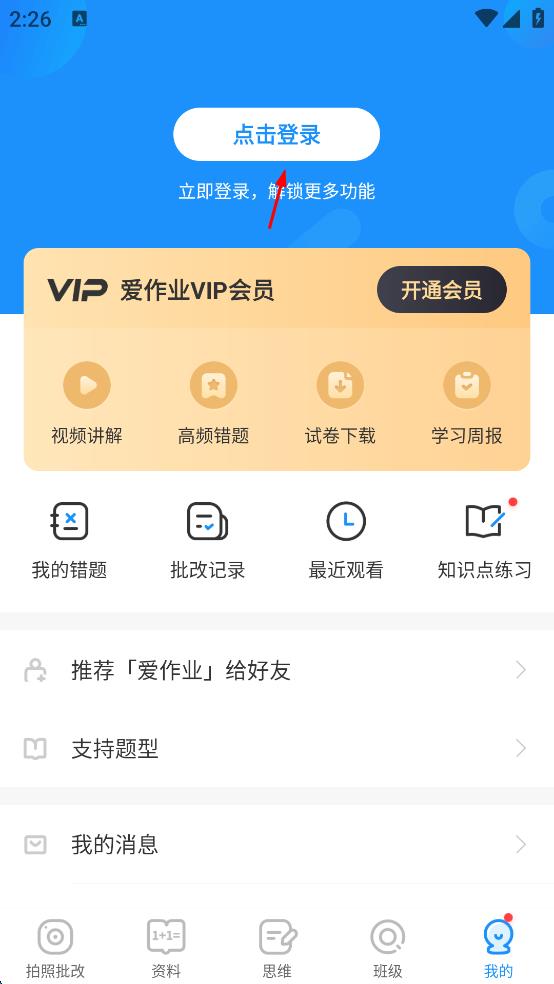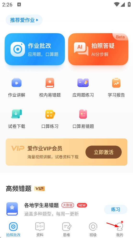 2、在愛作業(yè)APP主界面,點(diǎn)擊右下角“我的”,進(jìn)入個人頁面。
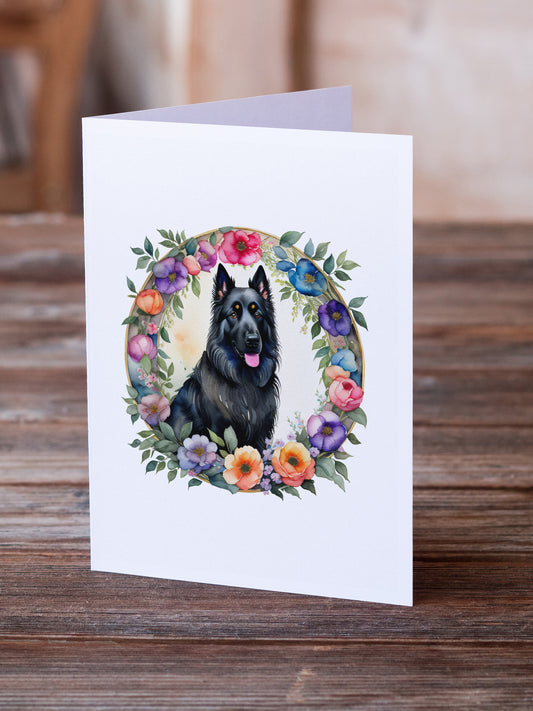 Belgian Sheepdog and Flowers Greeting Cards and Envelopes Pack of 8
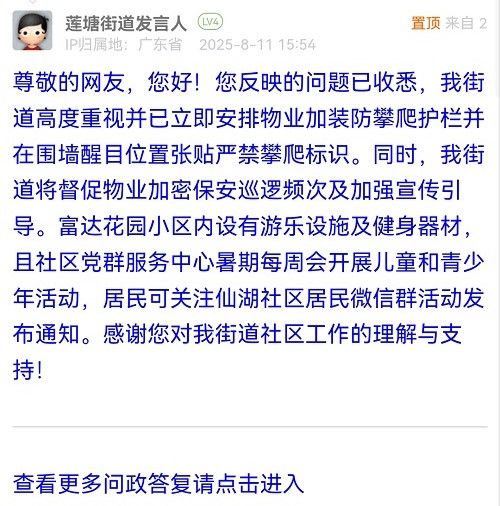 尊敬的網(wǎng)友,您好!您反映的問題已收悉,我街道高度重視并已立即安排物業(yè)加裝防攀爬護(hù)欄并在圍墻醒目位置張貼嚴(yán)禁攀爬標(biāo)識。同時(shí),我街道將督促物業(yè)加密保安巡邏頻次及加強(qiáng)宣傳引導(dǎo)。富達(dá)花園小區(qū)內(nèi)設(shè)有游樂設(shè)施及健身器材,且社區(qū)黨群服務(wù)中心暑期每周會開展兒童和青少年活動(dòng),居民可關(guān)注仙湖社區(qū)居民微信群活動(dòng)發(fā)布通知。感謝您對我街道社區(qū)工作的理解與支持!
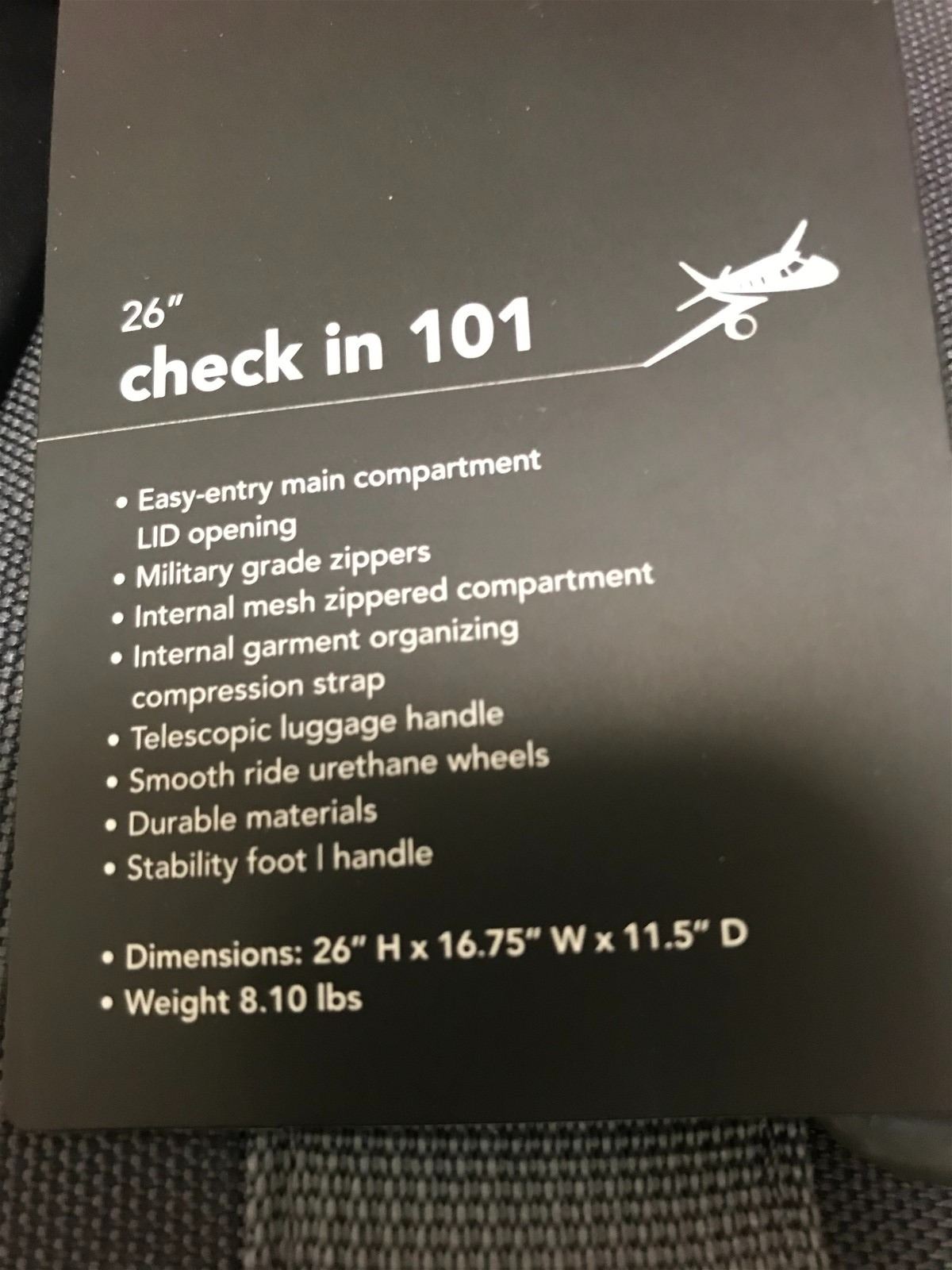 Military grade zippers,mesh zippered compartment, internal garment organizing,telescopic handle, durable wheels
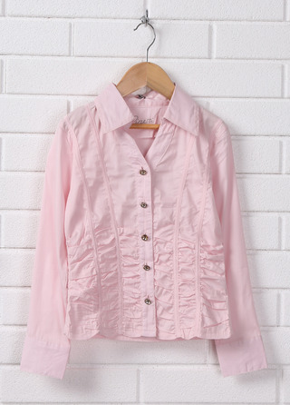3) блуза приталенная с рюшами. Розовая. 150 размер
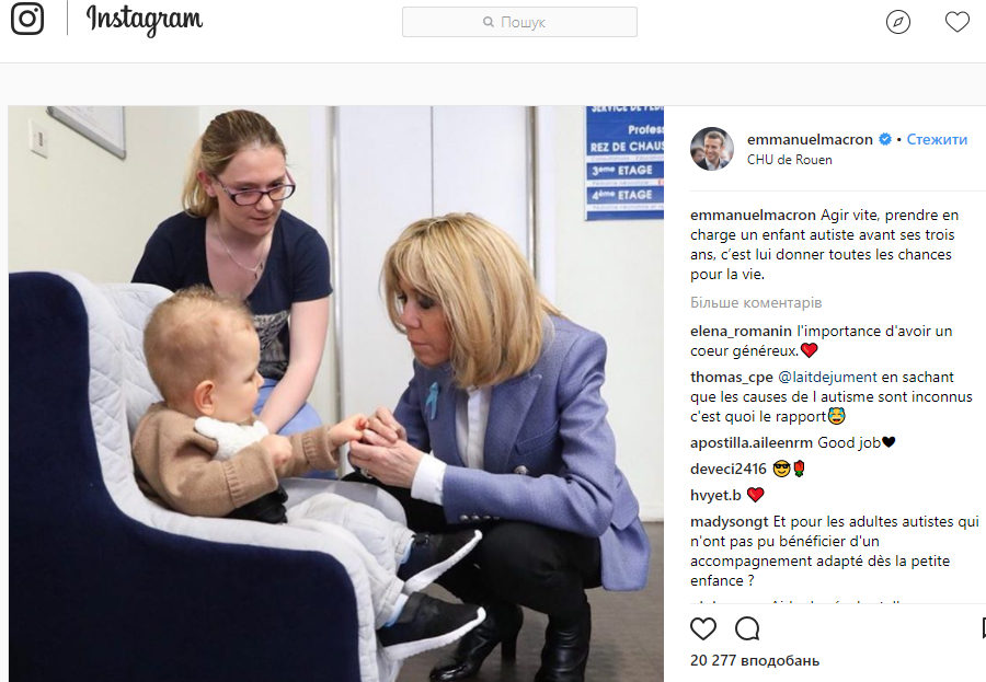 На встречу Бриджит прибыла в сопровождении своего мужа. В больнице в Нормандии президент Эммануэль Макрон представил план по предоставлению образовательных услуг и ухода за людьми, живущими с аутизмом.
========
● WHAT THE TASK REQUIRES: Print only the lines running from the line that contains "Military grade zippers,mesh" to the final line of the listing, both included. Omit every picture.

● TASK SOLUTION:
 Military grade zippers,mesh zippered compartment, internal garment organizing,telescopic handle, durable wheels
3) блуза приталенная с рюшами. Розовая. 150 размер
 На встречу Бриджит прибыла в сопровождении своего мужа. В больнице в Нормандии президент Эммануэль Макрон представил план по предоставлению образовательных услуг и ухода за людьми, живущими с аутизмом.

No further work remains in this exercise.